Agreement containing arbitration clause is ‘unconscionable’: Manitoba Court of King’s Bench

The claim may be brought through a class action instead of proceeding to arbitration

Agreement containing arbitration clause is ‘unconscionable’: Manitoba Court of King’s Bench

The Manitoba Court of King’s Bench has refused to stay an action in favour of arbitration, finding that the agreement containing the arbitration clause is “unconscionable.”

At the center of the dispute in Pokornik v SkipTheDishes Restaurant Services Inc, 2024 MBCA 3, is a technology company based in Winnipeg, SkipTheDishes Restaurant Services Inc. The company has operations in more than 100 cities across Canada. It provides a platform connecting vendors, couriers and consumers for online ordering and delivering food and beverages. Through the Skip platform, food and beverage orders are delivered by individuals who contract to drive as couriers.

Each courier must sign a courier agreement to access and provide services through the platform. The plaintiff, Charleen Pokornik, signed the courier agreement in 2014 when she started working for Skip. The agreement did not contain a requirement for arbitration or class action waiver.

In 2018, Skip amended the 2014 agreement to include mandatory arbitration for all disputes and to exclude class actions. The plaintiff contested the application of the 2018 agreement, but Skip advised her that she could not continue to work unless she accepted the 2018 agreement.

The plaintiff asked the court for a declaration that she was an employee of Skip and not an independent contractor, that Skip had breached the terms of applicable employment standards legislation and for damages.

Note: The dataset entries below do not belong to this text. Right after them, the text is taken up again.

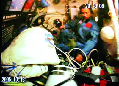 聶海勝正在進(jìn)行“穿艙”———從返回艙進(jìn)入軌道艙。
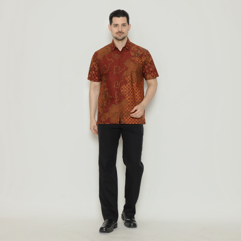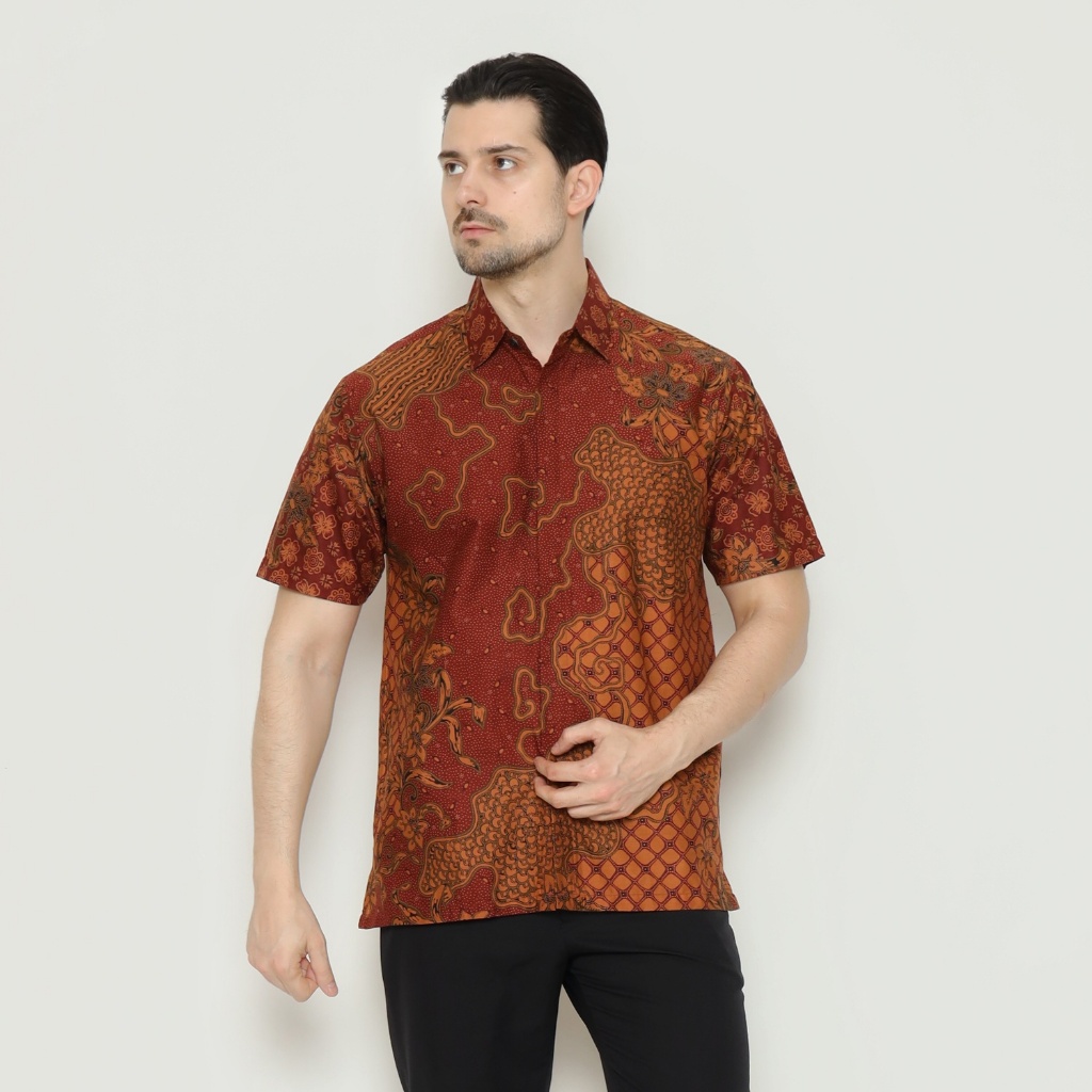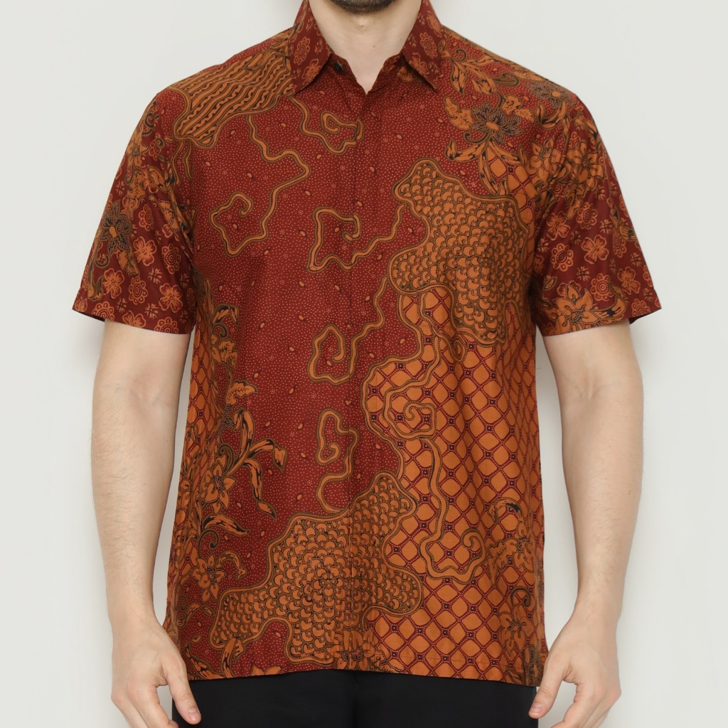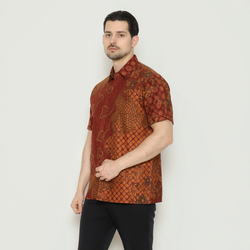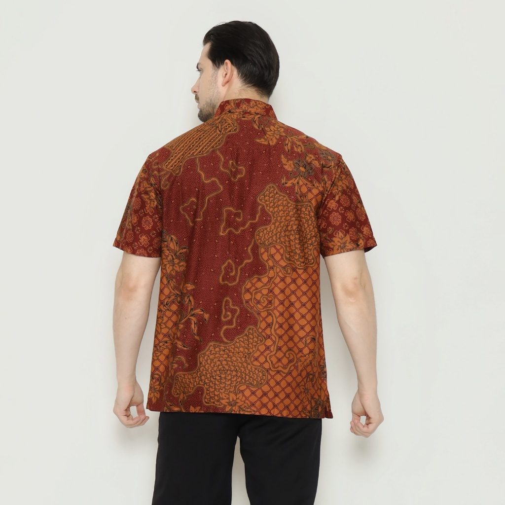 Waskito - Kemeja Batik Pria Lengan Pendek Katun Motif Kawung Tani HB 31811 - Red (merah)
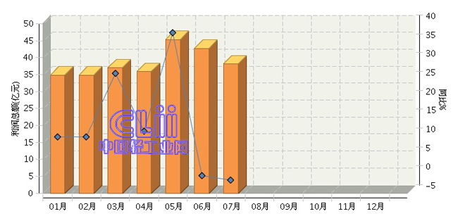 2016年1~7月全国家具行业利润总额累计同比增长12.39%
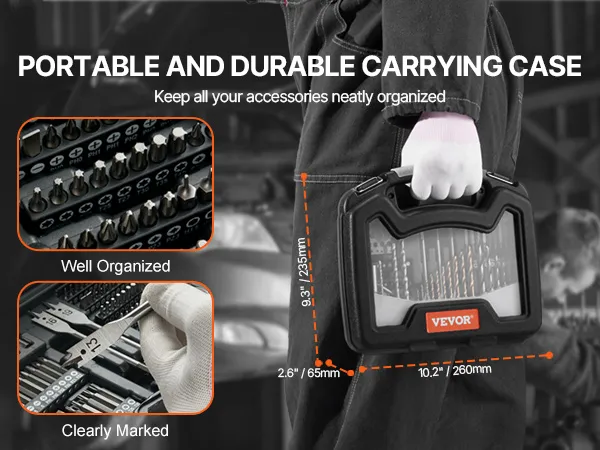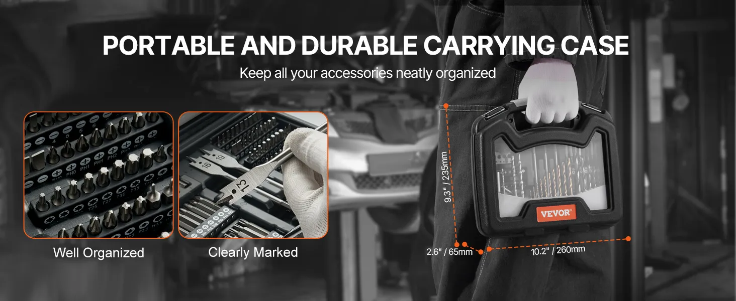This drill driver set is easy to carry for outdoor use. The case features clear labels and slot designs to keep accessories securely in place and organized, allowing for quick and easy access.

She also applied for an order that the claim proceed as a class action.

Skip filed a motion for a stay of the action, arguing that the plaintiff’s claim was subject to an arbitration agreement requiring that disputes be resolved. Skip contended that the court had no jurisdiction and that the action must be stayed in favour of arbitration with the issue of jurisdiction determined by an arbitrator, not a judge.

The motion judge dismissed Skip’s motion for a stay of proceedings in favour of arbitration, finding that the plaintiff’s action did not fall within s. 7(1) of the Arbitration Act. The judge said there was no arbitration agreement in place when the proceeding commenced because the action was brought under the 2014 agreement, which did not contain any arbitration provision.

The judge further found that the 2018 agreement did not apply because the plaintiff never accepted its terms. The judge noted that the plaintiff sent an email to a Help Centre representative employed by Skip saying that she did not agree with the amendments but was going to click “Agree” to continue working for Skip.

Nonetheless, the motion judge said that if he was wrong in his analysis and the 2018 agreement applied, he would have stayed the proceeding because the arbitration clause was unconscionable and unsupported by consideration. The judge noted that there was an inequality of bargaining power because the plaintiff was powerless to negotiate any of the terms of the 2018 agreement.

The judge’s dismissal of Skip’s motion for a stay in favour of arbitration allowed the plaintiff to pursue her claim through a class action in the courts. Skip elevated the matter to the Manitoba Court of King’s Bench, which ultimately found that the motion judge committed an error in his analysis of s. 7(1) of the Arbitration Act.

The Court of King’s Bench found that the plaintiff’s continued use of the Skip platform would constitute consideration to support the 2018 agreement. The plaintiff also received benefits for the 2018 agreement. Accordingly, the court concluded that the motion judge made an error in finding that the 2014 agreement prevailed and denying a stay in favour of arbitration.

Nonetheless, the court noted the motion judge’s finding that the arbitration agreement was invalid because the plaintiff had shown, on a balance of probabilities, that the 2018 agreement was unconscionable. The court said that the finding of unconscionability ultimately barred an appeal under s. 7(6) of the Arbitration Act. Consequently, the court concluded that it had no jurisdiction to hear Skip’s appeal.